• The problem: Return the material exactly, first line through the line containing "Fantasist@13開催決定! コスプレダンパFantasist@がBUZZに帰って来た! 2年ぶりのBUZZでの開催です♪", and nothing more. Pictures stay out.

• Information provided:
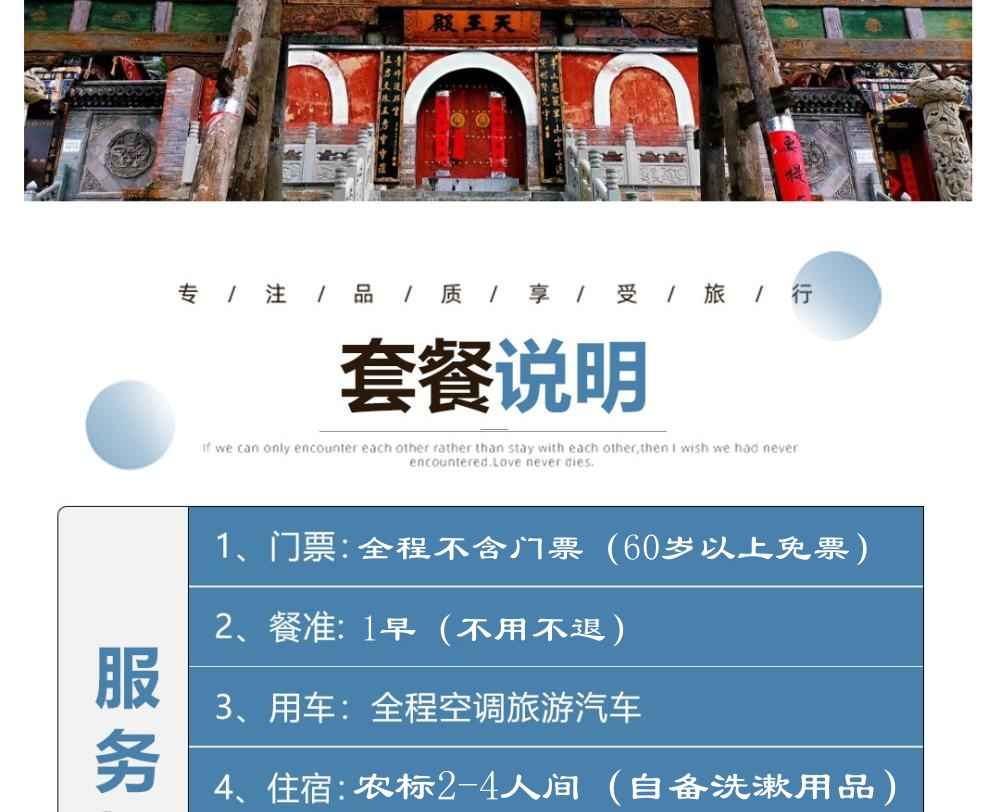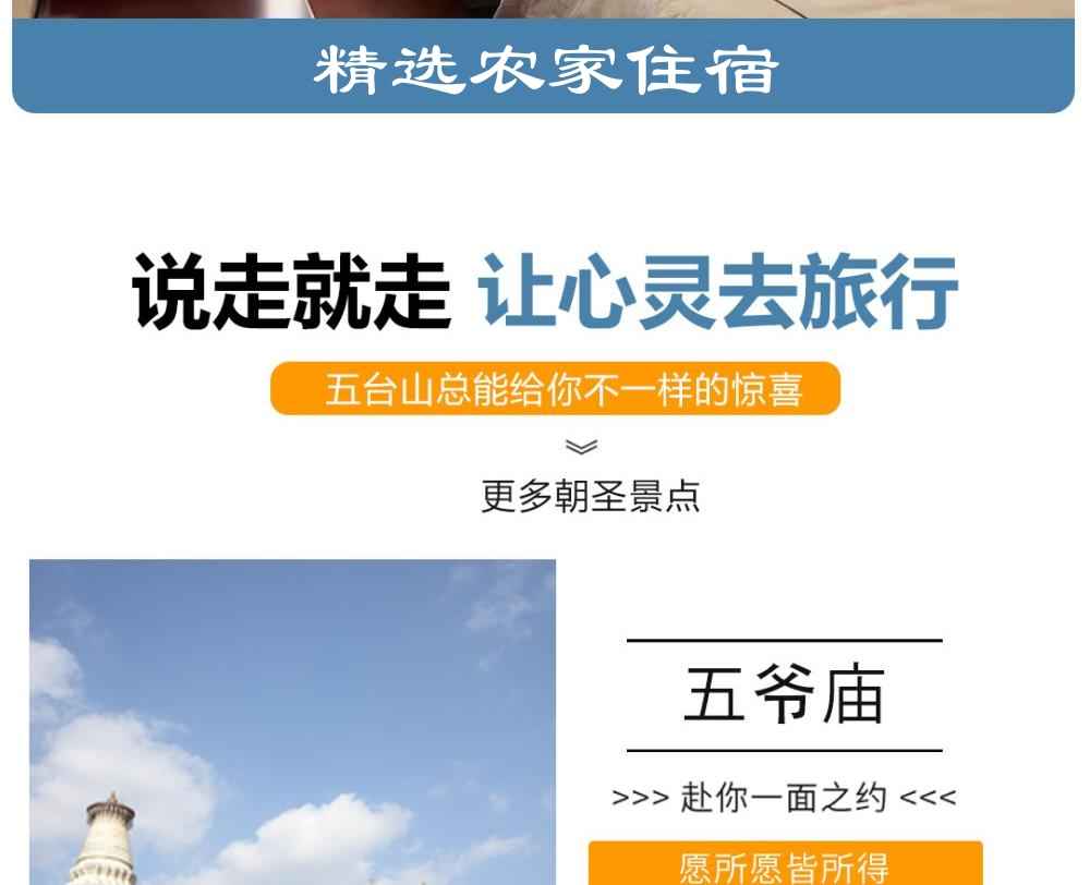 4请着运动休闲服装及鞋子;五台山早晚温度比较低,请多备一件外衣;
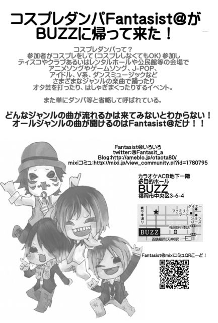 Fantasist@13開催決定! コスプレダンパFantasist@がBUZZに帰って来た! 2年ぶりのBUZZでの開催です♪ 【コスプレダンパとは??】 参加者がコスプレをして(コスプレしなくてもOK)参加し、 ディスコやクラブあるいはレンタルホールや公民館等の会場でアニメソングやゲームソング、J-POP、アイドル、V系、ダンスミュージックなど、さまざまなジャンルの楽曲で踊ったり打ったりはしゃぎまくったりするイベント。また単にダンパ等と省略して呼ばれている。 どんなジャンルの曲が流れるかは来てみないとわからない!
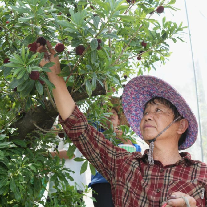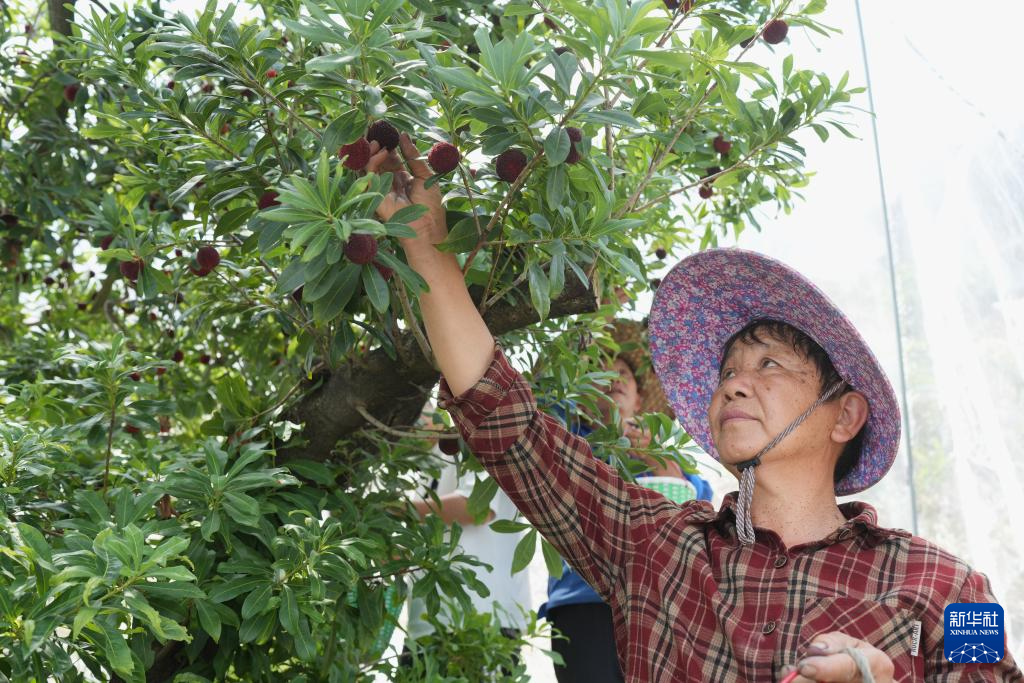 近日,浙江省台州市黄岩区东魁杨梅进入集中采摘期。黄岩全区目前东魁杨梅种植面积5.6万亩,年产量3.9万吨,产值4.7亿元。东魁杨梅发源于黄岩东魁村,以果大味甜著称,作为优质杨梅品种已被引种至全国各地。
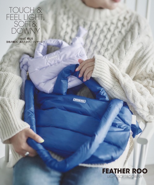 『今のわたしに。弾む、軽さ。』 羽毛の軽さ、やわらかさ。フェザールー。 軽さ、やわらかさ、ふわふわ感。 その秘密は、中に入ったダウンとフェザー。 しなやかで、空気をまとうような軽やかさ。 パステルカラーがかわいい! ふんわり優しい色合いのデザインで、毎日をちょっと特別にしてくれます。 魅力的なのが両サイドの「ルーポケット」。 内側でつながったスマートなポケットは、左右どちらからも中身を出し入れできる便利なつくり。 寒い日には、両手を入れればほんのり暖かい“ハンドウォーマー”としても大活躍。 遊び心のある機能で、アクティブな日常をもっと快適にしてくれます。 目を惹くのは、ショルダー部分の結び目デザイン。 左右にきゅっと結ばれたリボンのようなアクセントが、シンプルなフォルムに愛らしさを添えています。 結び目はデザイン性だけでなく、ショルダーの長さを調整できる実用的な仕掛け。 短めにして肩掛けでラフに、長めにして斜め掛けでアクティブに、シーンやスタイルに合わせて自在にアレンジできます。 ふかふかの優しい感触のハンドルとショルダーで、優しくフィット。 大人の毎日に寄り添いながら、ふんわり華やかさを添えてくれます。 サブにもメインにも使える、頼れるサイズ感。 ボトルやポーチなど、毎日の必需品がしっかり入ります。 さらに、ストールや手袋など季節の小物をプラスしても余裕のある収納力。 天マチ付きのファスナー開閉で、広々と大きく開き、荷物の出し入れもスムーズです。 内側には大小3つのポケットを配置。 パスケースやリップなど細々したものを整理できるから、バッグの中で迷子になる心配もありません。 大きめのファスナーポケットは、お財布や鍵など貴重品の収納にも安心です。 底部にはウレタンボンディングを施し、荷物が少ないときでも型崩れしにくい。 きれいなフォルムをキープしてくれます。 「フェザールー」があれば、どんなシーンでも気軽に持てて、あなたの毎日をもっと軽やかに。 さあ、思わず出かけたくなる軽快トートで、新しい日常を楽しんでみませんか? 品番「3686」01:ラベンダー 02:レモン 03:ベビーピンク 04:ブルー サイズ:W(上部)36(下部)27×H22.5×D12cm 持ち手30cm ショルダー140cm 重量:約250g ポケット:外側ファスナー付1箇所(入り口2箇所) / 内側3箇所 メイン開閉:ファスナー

• Answer to the problem:
 4请着运动休闲服装及鞋子;五台山早晚温度比较低,请多备一件外衣;
 Fantasist@13開催決定! コスプレダンパFantasist@がBUZZに帰って来た! 2年ぶりのBUZZでの開催です♪ 【コスプレダンパとは??】 参加者がコスプレをして(コスプレしなくてもOK)参加し、 ディスコやクラブあるいはレンタルホールや公民館等の会場でアニメソングやゲームソング、J-POP、アイドル、V系、ダンスミュージックなど、さまざまなジャンルの楽曲で踊ったり打ったりはしゃぎまくったりするイベント。また単にダンパ等と省略して呼ばれている。 どんなジャンルの曲が流れるかは来てみないとわからない!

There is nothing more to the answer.